Things are a lot better when we are together. Even if I'm reading/crocheting/blogging and he is playing his switch/playing his PS5, just being around each other makes things better. I feel safe. We also try to stay busy (if my depression allows). We play a lot of board games, go out for dinner, visit friends, we are building a snow fort in our backyard, we have been starting to plan our wedding, we try to organize our new house....anything and everything that we can DO, we do. With that being said, when emotions are running high or the anxiety is too much and the depression consumes our whole body, we hold each other. Sometimes we cry, we talk, we ask questions, but sometimes we just lay on our huge couch and hold on to each other like we are going to float away if we don't hang on.

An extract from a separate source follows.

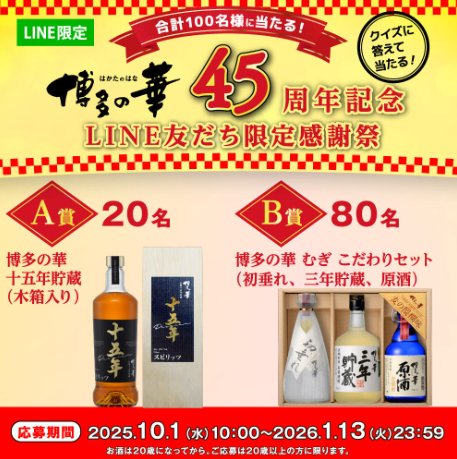 懸賞情報プレミアム商品やオリジナルギフトセットが当たるオエノングループのLINE懸賞 懸賞名:LINE限定 博多の華 45周年記念キャンペーン当選賞品&当選人数:A賞:博多の華 十五年貯蔵[木箱入り](20名様)B賞:博多の華 むぎ こだわりセット(80名様)応募条件:LINEアカウントで応募企業名:オエノングループ この懸賞に応募する2026年01月13日(残り11日) 見逃せない懸賞Coke ONドリンクチケット / PayPayポイント 500ポイント 他100,000名様 / 10,000名様 / 50名様 他星野リゾート宿泊ギフト券 10万円分 / 「君に届け」額装高精細複製原画 / 遊戯王 純金カード 他100名様 / 50名様 / 50名様 他PlayStation 5関連商品15名様ギフトカード 最大15,000円分 / オーラルケアセット合計300名様 / 4,550名様東京ディズニーリゾート・パークチケット / JCBギフトカード 2,000円分100組200名様 / 1,000名様無料で試せる「ベビー用スキンケア」のお得情報♪ 応募可能な懸賞関連する当選報告 Amazonギフトカード最大10,000円分が当たる豪華おみくじキャンペーン残り10日毎月開催♪ユニ・チャーム製品が当たるクイズキャンペーン!定期開催6,000円分のAmazonギフトカードが当たるカラオケDAMの歌唱キャンペーン残り10日【全道アークスグループ×プリマハム】東京ディズニーランド ザ・ダイヤモンドホースシュー 貸切ご招待残り1日全プレ☆電子マネーギフトがかならずもらえるバーコード懸賞!残り363日その場でdポイントが当たる毎日くじキャンペーン♪締切日不明 岡三食品のハガキ懸賞で「むき栗アソートセット」が当選しましたモンデリーズ・ジャパンのハガキ懸賞で「至福のジャム+プレートセット」が当選しました☆UCCのキャンペーンで「オリジナルコーヒーギフト」が当選しました☆@cosme「POLA RED B.A ローション」花王「SOFINA iP クロロゲン酸 飲料」の無料モニターに当選しました!ツルハ×P&Gのクローズド懸賞で「P&G商品セット」が当選しました! 関連情報: オープン懸賞LINE懸賞ネット懸賞SNS懸賞食品・飲料懸賞情報 詰め合わせ・セットドリンク・飲料お酒 HOME懸賞情報応募方法SNS懸賞LINE懸賞プレミアム商品やオリジナルギフトセットが当たるオエノングループのLINE懸賞 2025年12月05日 更新:ものりんず@懸賞主婦【厳選】毎日応募 【全て】毎日応募 年末年始懸賞

The other thing is that it's only been a little over two weeks since our miscarriage. I am still doing blood work. We still have upcoming OB/GYN appointments. We are still learning. I truly believe the more we learn the more we will figure out what way of coping is best for us. And coping is different for everyone. So our ways of coping may not help you or your partner, but maybe learning about it will. That's why I started this blog and wanted to tell our story while our story is still unfolding. We still have a lot to learn, a long ways to go, a lot of grieving and coping to do, but we still have one thing in common:


We both still cannot wait to get pregnant again.